How can the success of the coaching process be measured?
Measurement may be thought of in two distinct ways. First, there are the external indicators of performance: measures which can be seen and measured in the client’s environment. Second, there are internal indicators of success: measures which are within the client and can be measured by the client with the support of the coach.
Examples of external measures include achievement of coaching goals established at the outset, increased income/revenue, obtaining a promotion, performance feedback which is obtained from a sample of the client’s constituents, personal and/or business performance data. The external measures selected should ideally be things the client is already measuring and are things the client has some ability to directly influence.
Examples of internal measures include self-scoring assessments that can be administered initially and at regular intervals in the coaching process, changes in the client’s awareness of self and others and shifts in thinking which inform more effective actions.
Is coaching a sound investment?
Working with a coach requires a personal commitment of time and energy as well as a financial commitment. Clients should consider both the desired benefits as well as the anticipated length of time to be spent in coaching. Since the coaching relationship is predicated on clear communication, any financial concerns or questions should be voiced in initial conversations before the agreement is made.
How does coaching differ from other professional services?
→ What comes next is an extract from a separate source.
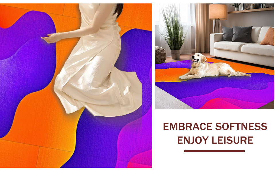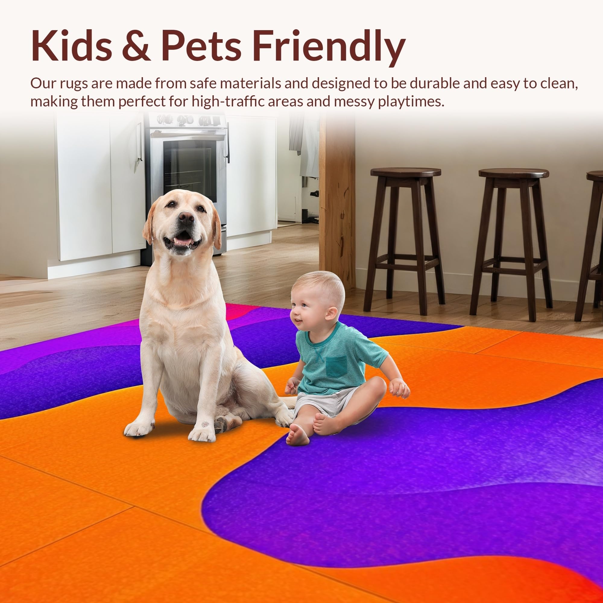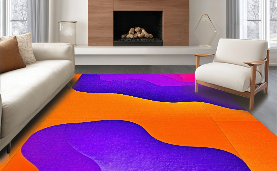 Ultra Soft Area Rug, Non Slip, Stain Resistant, Washable Area Rugs for Living Room, Bedroom, Radiant Color Burst Fluidity Concept(Orange) Overview:

Professional coaching focuses on a client’s work and life as it relates to goal setting, outcome creation and personal change management. In an effort to understand what a coach is, it can be helpful to distinguish professional coaching from other professions that provide organizational support.
- Mentoring - Mentoring, which can be thought of as guiding from one’s own experience is sometimes confused with coaching. Although some coaches provide mentoring as part of their coaching, such as in mentor coaching new coaches, coaches are not typically mentors to those they coach.
- Training - Training programmes are based on the acquisition of certain learning objectives as set out by the trainer. Though objectives are clarified in the coaching process, they are set by the client with the coach's guidance. Training also assumes a linear learning path which coincides with an established curriculum. Coaching is less linear without a set curriculum plan.
- Consulting - Consultants may be retained by clients or organizations because of their special expertise. While consulting approaches vary widely, there is often an assumption that the consultant diagnoses problems and prescribes, and sometimes implements solutions. In general, the assumption with coaching is that clients are capable of generating their own solutions, with the coach supplying supportive, discovery-based approaches and frameworks.
- Sports Coaching - though sports metaphors are often used, professional coaching is very different from the traditional sports coaching. The sports coach is often seen as an expert who guides and directs the behaviour of individuals or teams based on his or her greater experience and knowledge. Professional coaches possess these qualities, but it is the experience and knowledge of the client that determines the direction. Additionally, professional coaching, unlike sports coaching, does not focus on behaviours that are being executed poorly or incorrectly. Instead, the focus is on identifying opportunity for development based on client strengths and capabilities.